The silence of the werewolf territory was absolute, save for the rhythmic breathing of the warriors stationed at the perimeter. Inside her tent, Luna lay motionless on her cot, but her sleep was far from peaceful. Since her resurrection from the dead, the black crest upon her forehead had remained a dormant secret, invisible to the naked eye. Now, it flickered to life, pulsing with a dark, oily light that seemed to draw the shadows of the tent toward her brow.

Luna’s eyes snapped open, but she wasn’t in her tent.

She stood in the heart of the ancient, primordial forest—the home of the Wolfmort Tree. A heavy, suffocating mist clung to the ground, swirling around the gnarled roots that broke through the earth like the ribs of a buried giant.

Luna moved through the haze toward the center of the clearing. When I first set foot in this purgatory, she thought, her internal voice echoing in the hollow space of the dream, the mist was an impenetrable veil that blinded me.

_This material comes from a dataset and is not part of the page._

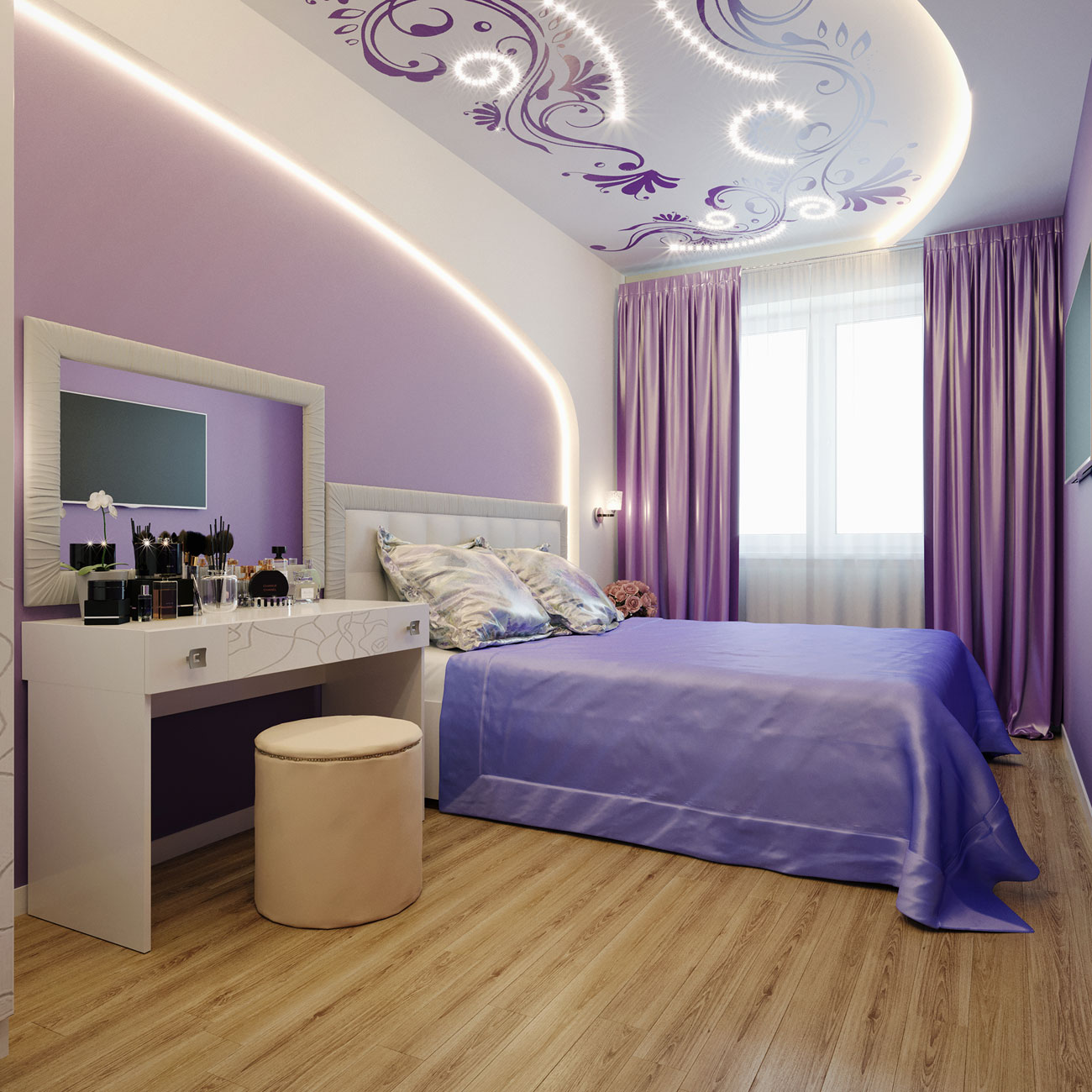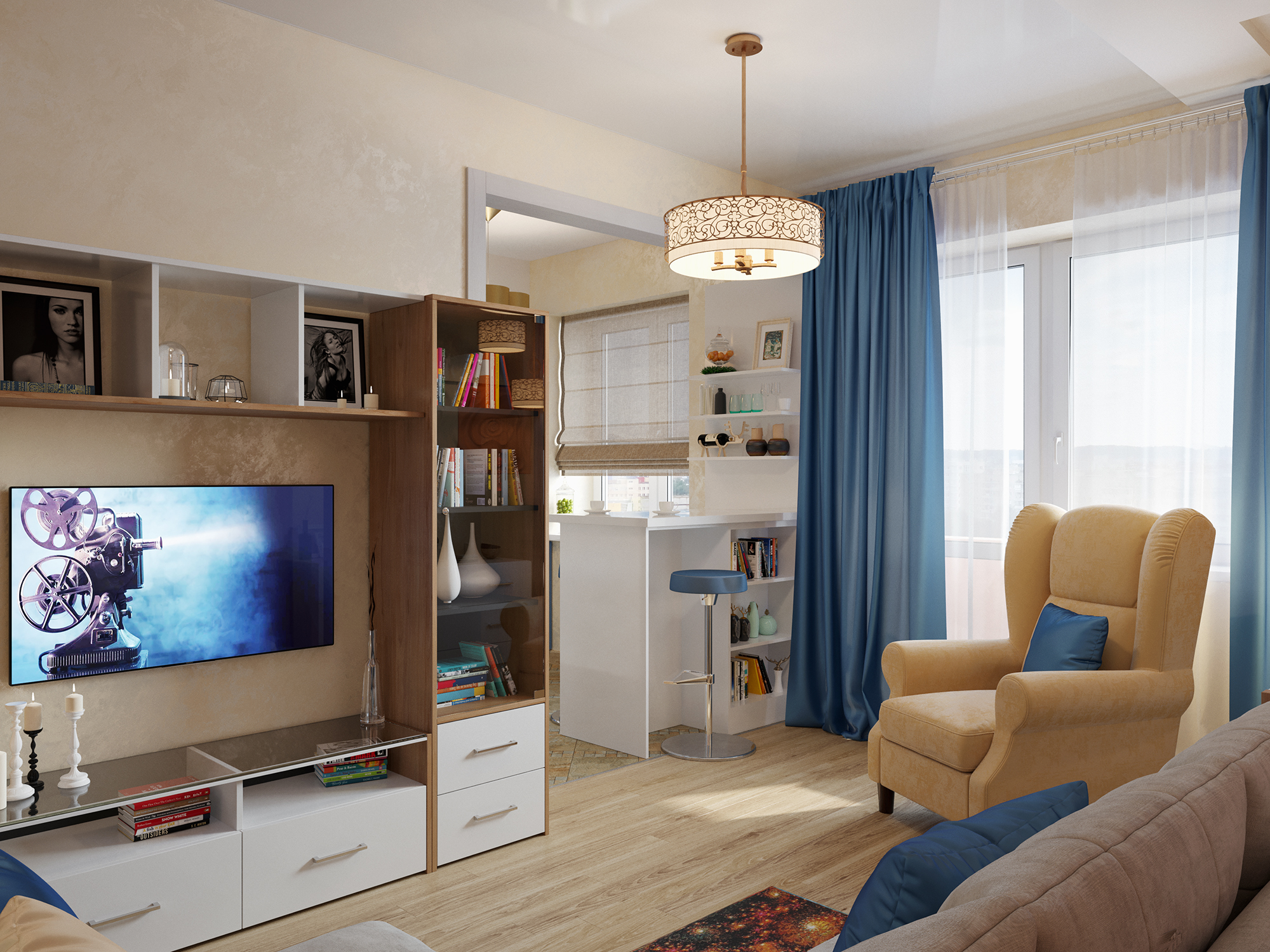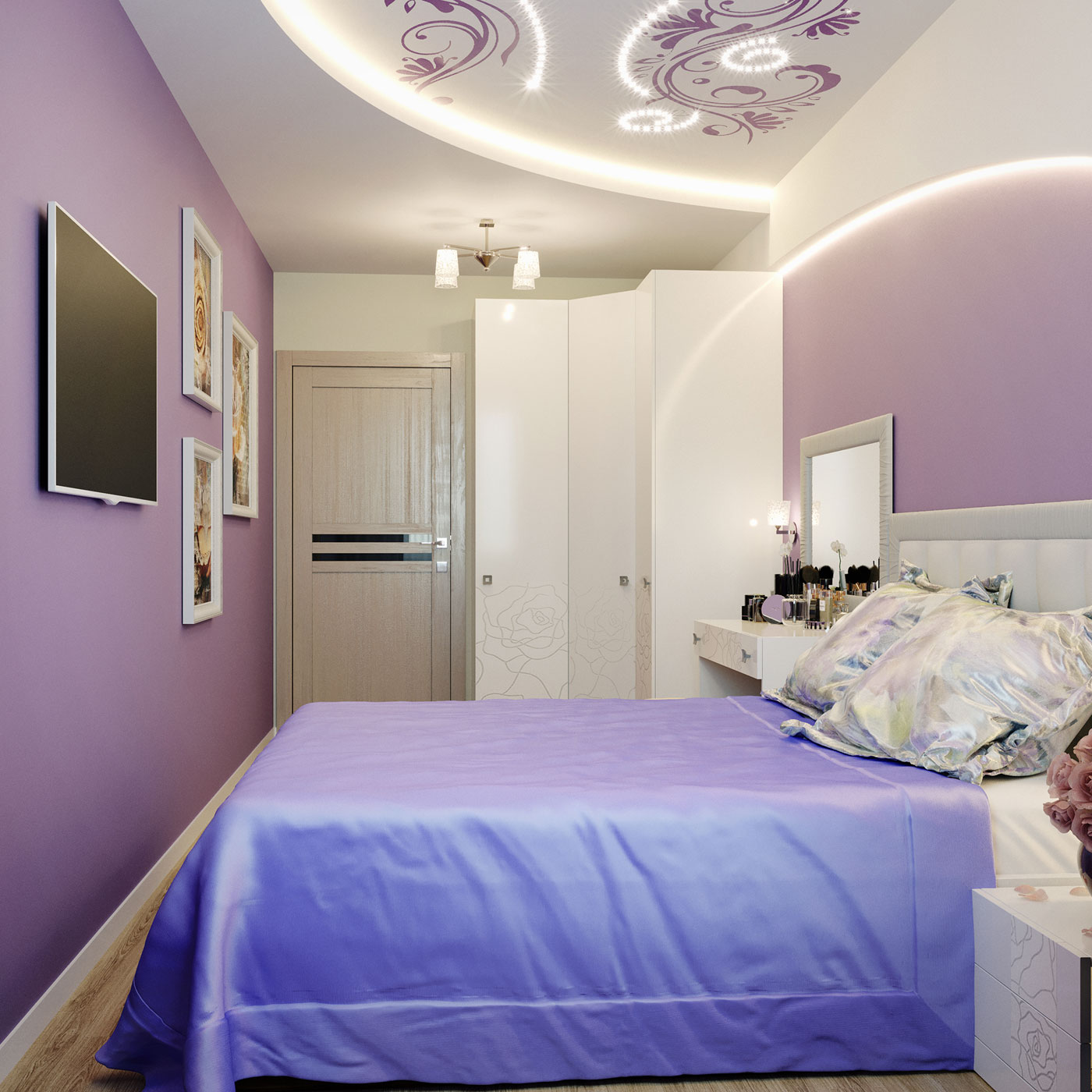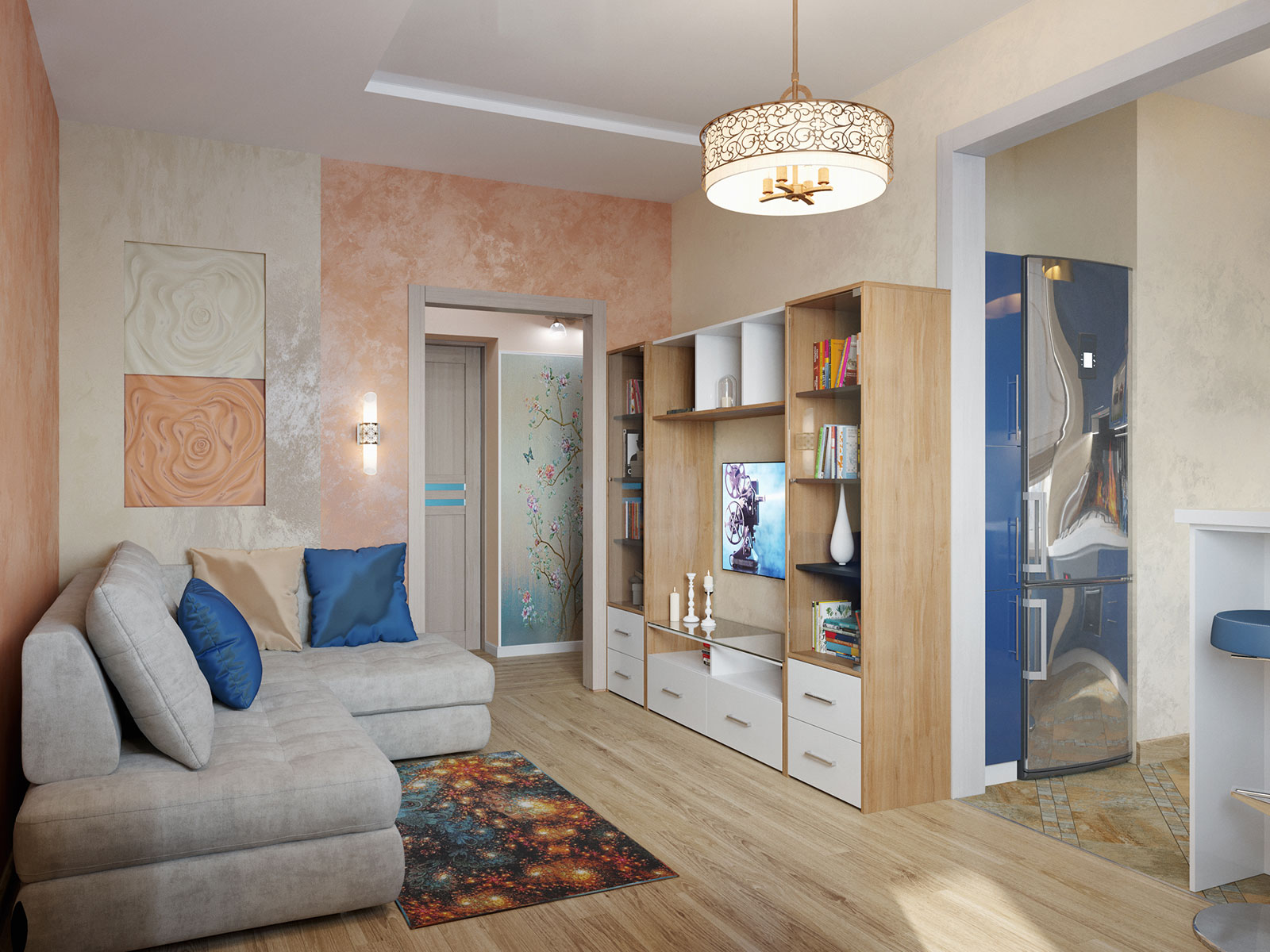 Как на небольшой площади разместить все необходимое? Очень часто хозяева квартиры боятся перепланировки и делают ремонт, исходя из того что есть. В этом случае владелица согласилась на перепланировку, что позволило выделить несколько полезных пространств и в принципе увеличить жилое пространство квартиры.Благодаря грамотному планировочному решению в прихожей разместился комод для обуви, вешалка для верхней одежды и большое зеркало.Интерьер отображает внутренний мир владелицы квартиры.Прихожая выполнена в светлых классических кремовых оттенках, но на стене напротив зеркала размещается чудесное панно, под стиль китайского шелкового платка. Голубые и бирюзовые переливы, на фоне которых изображены нежные, разноцветные бабочки, создают ощущение легкости и воздушности. Гостиная совмещена с кухней. Стены в гостиной отделаны под белый и розовый мрамор.В гостинной расположился угловой диван светло-серого цвета с яркими подушками и вместительный мебельный гарнитур.За мебельным гарнитуром организован проход на кухню. На границе с гостиной организована барная стойка.Сама кухня также выполнена в насыщенно синем цвете. Кухонный фартук выполнен из закаленного стекла и изображает войну огня и льда. Вместительный кухонный гарнитур с множеством шкафов и мест для хранения. Рабочая зона для увеличения полезного пространства продлевается на подоконник. Кухня оборудована всей необходимой техникой. Ванна выполнена в двух оттенках. Ярко синем, васильковом и белоснежном цветах. Спальня выполнена в лилово-сиреневых оттенках. Рядом с кроватью размещается белый туалетный столик с зеркалом. Напротив кровати стена полностью выкрашена в лиловый цвет и на ней размещен телевизор и дизайнерские панно и картины.

Now, with my senses sharpened by the very power this forest gave me, the fog feels as thin as a cobweb. I can see every jagged edge of the bark, every drop of black sap weeping from the wood.

Standing before her was the Wolfmort Tree itself. It was a terrifying contradiction—vast and powerful, radiating an aura that felt like the weight of a mountain, yet visibly dying. Its leaves were curled and charcoal-black; its branches, once reaching for the heavens, now drooped as if exhausted by the burden of existence.

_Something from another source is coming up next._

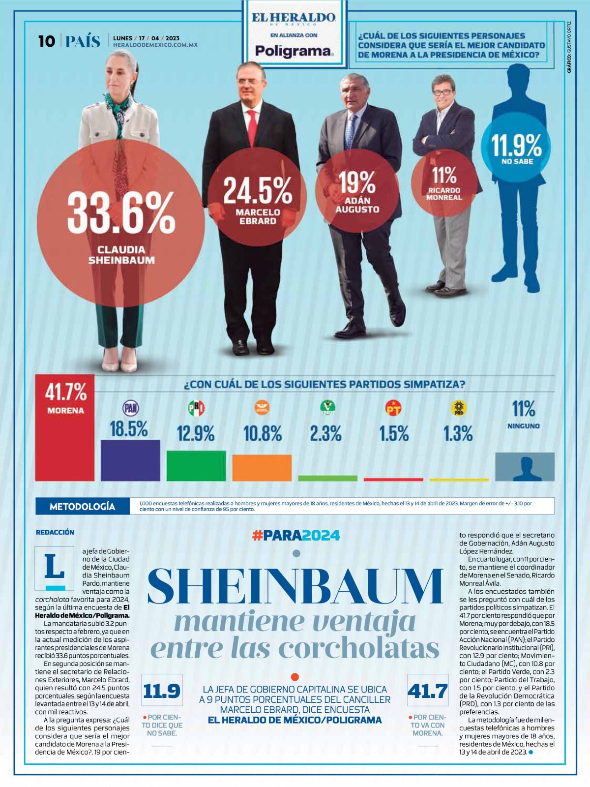 “En segunda posición se mantiene el secretario de Relaciones Exteriores, Marcelo Ebrard, quien resultó con 24.5 puntos porcentuales, según la encuesta levantada entre el 13 y 14 de abril, con mil reactivos”.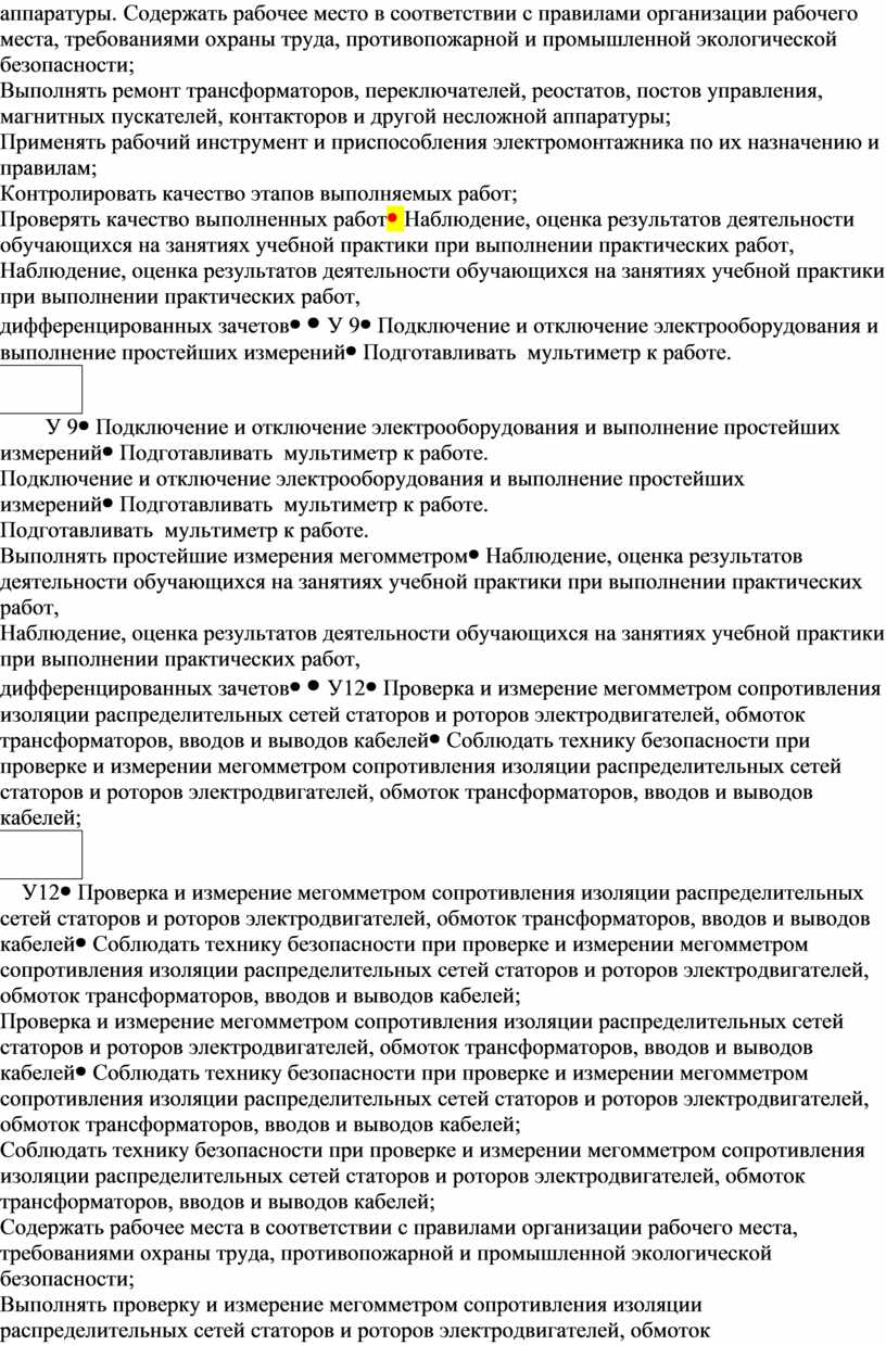 Соблюдать технику безопасности при выполнении ремонта трансформаторов, переключателей, реостатов, постов управления, магнитных пускателей, контакторов и другой несложной аппаратуры. Содержать рабочее место в соответствии с правилами организации рабочего места, требованиями охраны труда, противопожарной и промышленной экологической безопасности; Выполнять ремонт трансформаторов, переключателей, реостатов, постов управления, магнитных пускателей, контакторов и другой несложной аппаратуры; Применять рабочий инструмент и приспособления электромонтажника по их назначению и правилам; Контролировать качество этапов выполняемых работ; Проверять качество выполненных работ |

"It seems being the Chieftess of your clan has clouded your memory," a voice drifted from the shadows.

Nyxara stepped out from behind the trunk. She was as beautiful and lethal as Luna remembered, her presence cold enough to frost the air. She looked at Luna with an expression that balanced a simmer of rage with a terrifying, calculated calm. " Guess power does changes people ."

Luna didn’t flinch. She met Nyxara’s gaze with the steady eyes of a wolf. "If you haven’t noticed, my hands have been full. Leading a fractured clan isn’t an easy feat. We don’t yet possess the strength or the numbers to hunt down the sacrifices you demand."

Nyxara moved closer, her feet making no sound on the dead leaves. "Strength is a luxury you no longer have, Luna. Look at the tree. Without the life-force of those sacrifices, the Wolfmort has only a week before its heart stops beating forever."

"I can’t just—"

"I am not asking," Nyxara cut her short, her voice sharp as a blade. "I am reminding you. Your fate was stitched into the very grain of this tree the moment it pulled you back from the brink of death. If the Wolfmort dies, the thread of your life snaps with it. You aren’t just a Queen, Luna. You are a vessel. If the vessel breaks, everything inside is lost. I suggest you act with the speed of the predator you claim to be."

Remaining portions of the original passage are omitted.